Created directory '/home/username/.ssh'. Enter passphrase (empty for no passphrase): Enter same passphrase again:

Next, you will be prompted to enter a passphrase for the key. This is an optional passphrase that can be used to encrypt the private key file on disk.

You may be wondering what advantages an SSH key provides if you still need to enter a passphrase. Some of the advantages are:

  • The private SSH key (the part that can be passphrase protected), is never exposed on the network. The passphrase is only used to decrypt the key on the local machine. This means that network-based brute forcing will not be possible against the passphrase.
  • The private key is kept within a restricted directory. The SSH client will not recognize private keys that are not kept in restricted directories. The key itself must also have restricted permissions (read and write only available for the owner). This means that other users on the system cannot snoop.
  • Any attacker hoping to crack the private SSH key passphrase must already have access to the system. This means that they will already have access to your user account or the root account. If you are in this position, the passphrase can prevent the attacker from immediately logging in to your other servers. This will hopefully give you time to create and implement a new SSH key pair and remove access from the compromised key.

Since the private key is never exposed to the network and is protected through file permissions, this file should never be accessible to anyone other than you (and the root user). The passphrase serves as an additional layer of protection in case these conditions are compromised.
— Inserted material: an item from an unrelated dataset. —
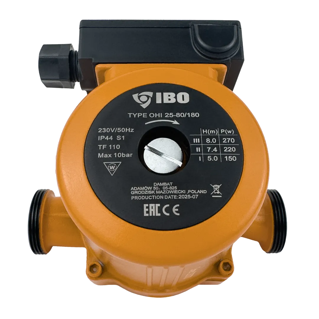 Этот насос обладает высоким уровнем защиты (IP44 / B) и может работать при температурах от 2°C до 110°C. Материал корпуса из чугуна и крыльчатки из технополимера обеспечивают превосходную прочность и долгий срок службы. С технической точки зрения, он имеет максимальное рабочее давление 10 бар и подходит для чистой воды. Кроме того, наш насос OHI 25-80/180 (IBO) предлагает три скорости работы, что позволяет настроить его под конкретные требования вашей системы отопления. С сетью питания 220 В и частотой тока 50 Гц, он эффективно и экономично обеспечивает циркуляцию жидкости .

A passphrase is an optional addition. If you enter one, you will have to provide it every time you use this key (unless you are running SSH agent software that stores the decrypted key). We recommend using a passphrase, but if you do not want to set a passphrase, you can press ENTER to bypass this prompt.

Output

Your identification has been saved in /home/username/.ssh/id_rsa. Your public key has been saved in /home/username/.ssh/id_rsa.pub. The key fingerprint is: SHA256:CAjsV9M/tt5skazroTc1ZRGCBz+kGtYUIPhRvvZJYBs username@hostname The key's randomart image is: +---[RSA 3072]----+ |o ..oo.++o .. | | o o +o.o.+... | |. . + oE.o.o . | | . . oo.B+ .o | | . .=S.+ + | | . o..* | | .+= o | | .=.+ | | .oo+ | +----[SHA256]-----+

You now have a public and private key that you can use to authenticate. The next step is to place the public key on your server so that you can use SSH key authentication to log in.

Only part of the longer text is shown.